■ Assignment
Transcribe exactly the lines from the one containing "Experience the epitome" through the end of the data, both included. Leave out pictures.

■ Data extract
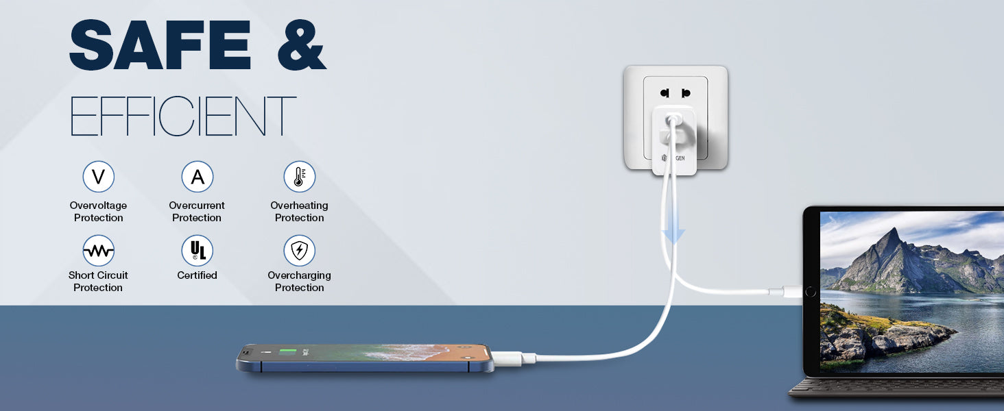 Yes — quality chargers include built‑in protections such as over‑current, over‑voltage, overheat, and short‑circuit protection, keeping both the charger and your devices safe during charging.
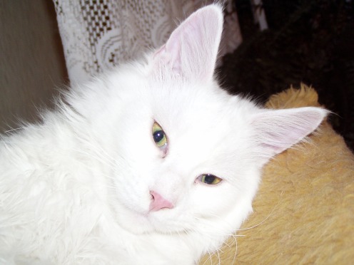 Wczoraj się dowiedziałam że u białych kotów oczy mogą być: pomarańczowe, niebieskie lub różnokolorowe (każde oko inny kolor). To podobno uwarunkowane genetycznie, podobnie jak głuchota. Na szczęście mój łobuz głuchy nie jest - zawsze ustłyszy otwieraną lodówkę.
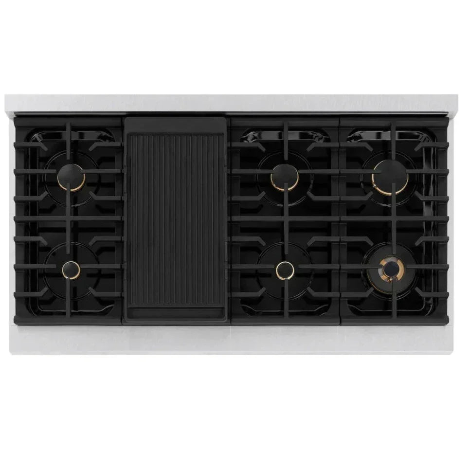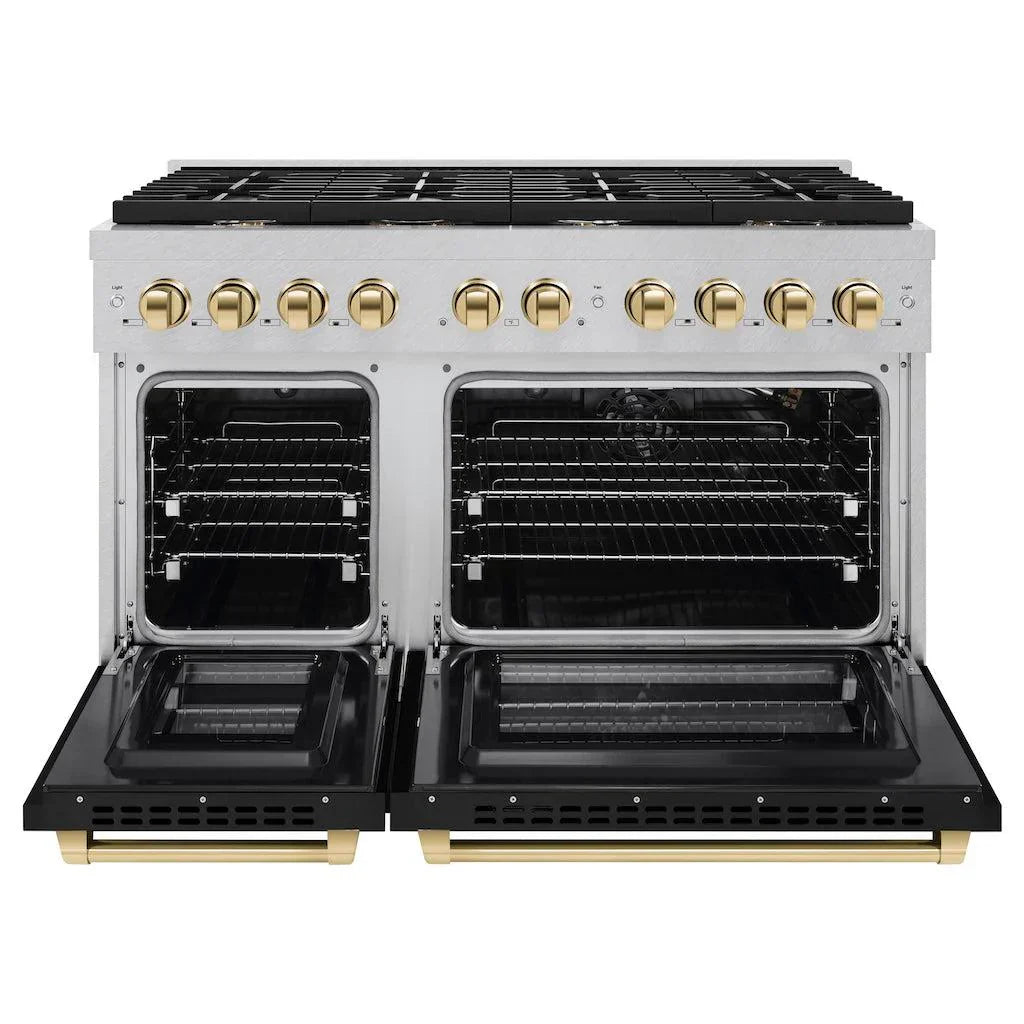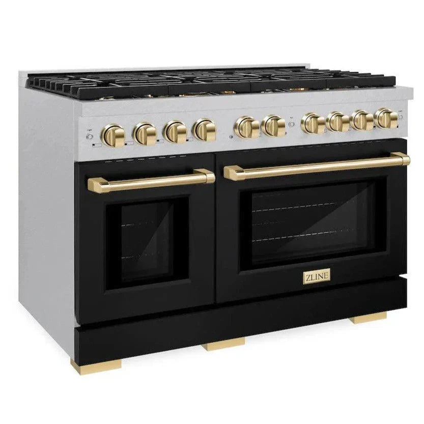 Experience the epitome of luxury with the ZLINE Paramount Edition 48" 6.7 cu. ft. Double Oven Gas Range in DuraSnow® Stainless Steel (SGRSZ-BLM-48-D), boasting a versatile gas cooktop with 8 Italian-made burners and a spacious gas convection oven. Complete with sleek black matte doors and elegant gold accents, this range offers both style and functionality for a truly elevated cooking experience.
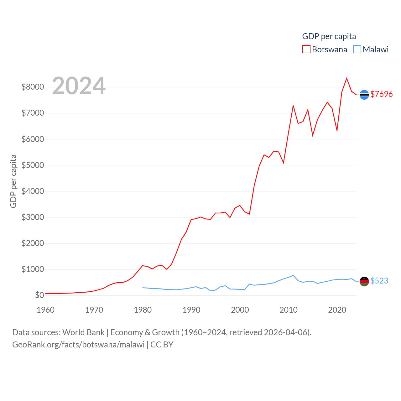 By GDP, Botswana ranks 133/197 ($19.4B) and Malawi ranks 151/197 ($11.3B). By GDP per capita, Botswana ranks 97/197 ($7,696), while Malawi ranks 194/197 ($523).

■ Answer to this exercise
 Experience the epitome of luxury with the ZLINE Paramount Edition 48" 6.7 cu. ft. Double Oven Gas Range in DuraSnow® Stainless Steel (SGRSZ-BLM-48-D), boasting a versatile gas cooktop with 8 Italian-made burners and a spacious gas convection oven. Complete with sleek black matte doors and elegant gold accents, this range offers both style and functionality for a truly elevated cooking experience.
 By GDP, Botswana ranks 133/197 ($19.4B) and Malawi ranks 151/197 ($11.3B). By GDP per capita, Botswana ranks 97/197 ($7,696), while Malawi ranks 194/197 ($523).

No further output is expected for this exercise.